Identifying cancer drivers is one of the central goals of current cancer research (Stratton et al., 2009), as not only are they essential for understanding the molecular mechanisms of cancer biology, but they may also serve as potential therapy targets and markers for diagnosis and prognosis. The current list of known “cancer genes” is about 488, according to the Cancer Gene Consensus (Futreal et al., 2004, Santarius et al., 2010). This list appears far from complete, as many new cancer driver genes are constantly being discovered with the completion of more and more cancer genomes. The International Cancer Genome Consortium (ICGC) network of cancer genome projects was initiated to target the mutational repertoire in 50 of the most common human cancer types (Hudson et al., 2010). This was only possible because of the completion of the Human Genome Project and advances in massive parallel sequencing technologies. To date, many important discoveries have been made or confirmed using these high-throughput technologies. However, even with these new technologies, identifying cancer driver genes still remains challenging due to the heterogeneities and mutational hierarchies.

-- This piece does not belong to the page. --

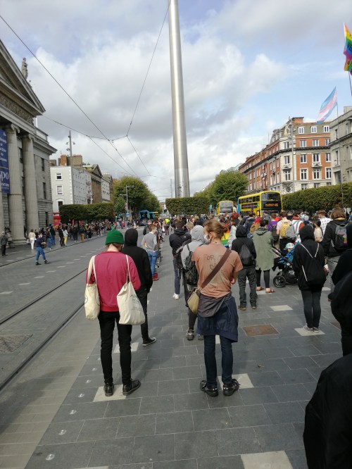 A number of speakers addressed the rally though the sound did not carry very well towards the rear of the rally but also many were distracted by keeping an eye out for fascists. One IYV activist approached the rally to photograph participants and soon got into an altercation with them, whereupon Gardaí arrived and removed him to the side of the road. Another brandished a placard, which was promptly seized by antifascists and torn. Some fascists were seen passing by, presumably on their way to Custom House Quay or Leinster House – one was observed carrying a thick length of wood with the Irish Tricolour attached to it — but did not engage with the antifascists.

Heterogeneity in cancer genome and somatic evolution

Tumor development is thought to occur as a somatic evolutionary process in which mutations are accumulated in a sequential manner (Merlo et al., 2006, Nowell, 1976). Like evolution on the whole organism level, the mutation process in cancer is stochastic. Very recently, evidence of Darwinian evolution has been confirmed in human pancreatic cancer and leukemia using sequencing and microarray (Campbell et al., 2008, Campbell et al., 2010, Notta et al., 2011, Sisman and Geyikoglu, 2008, Yachida et al., 2010). Selections from the micro- and macro-environments of the cells determine which mutation(s) are retained and which ones are eliminated (Gillies et al., 2012, Merlo et al., 2006). The mutations giving cell growth advantages over surrounding cells are generally selected, and thus they are likely to be cancer drivers that give rise to the tumor cells' hallmarks (Hanahan and Weinberg, 2011, Stratton, 2011, Stratton et al., 2009). Conversely, many other bystander gene mutations cannot be eliminated rapidly enough and thus they stay in the cancer genome as passengers. Therefore, multiple levels of genetic heterogeneity (intra- and inter-tumoral, inter- and intra-metastatic, and inter-patient heterogeneities) were frequently revealed by traditional cytogenetics and recent genomic sequencing analysis (Almendro et al., 2013, Heppner, 1984, Marusyk et al., 2012). For example, it has long been recognized from earlier cytogenetic studies that there is almost no consistent karyotype in different cancer cells within the same solid tumor (Wolman, 1986). Similarly, the genes and genomes have recently been noticed in a similar situation. If tumorigenesis really is an evolutionary process, the evolutionary biological approaches, such as phylogenetic analysis, should be able to be applied to trace the natural history of cancer cells. Indeed, recently genomic sequencing and copy number analysis methods successfully tracked the cancer cell development process and the relationships between the original tumor and subsequent metastatic tumors (Campbell et al., 2008, Gerlinger et al., 2012, Navin et al., 2010, Tsao et al., 2000). This kind of information on cancer cell nature history not only is very important for us to understand the dynamic processes of tumor formation, but also might serve as guidance for therapeutic strategies.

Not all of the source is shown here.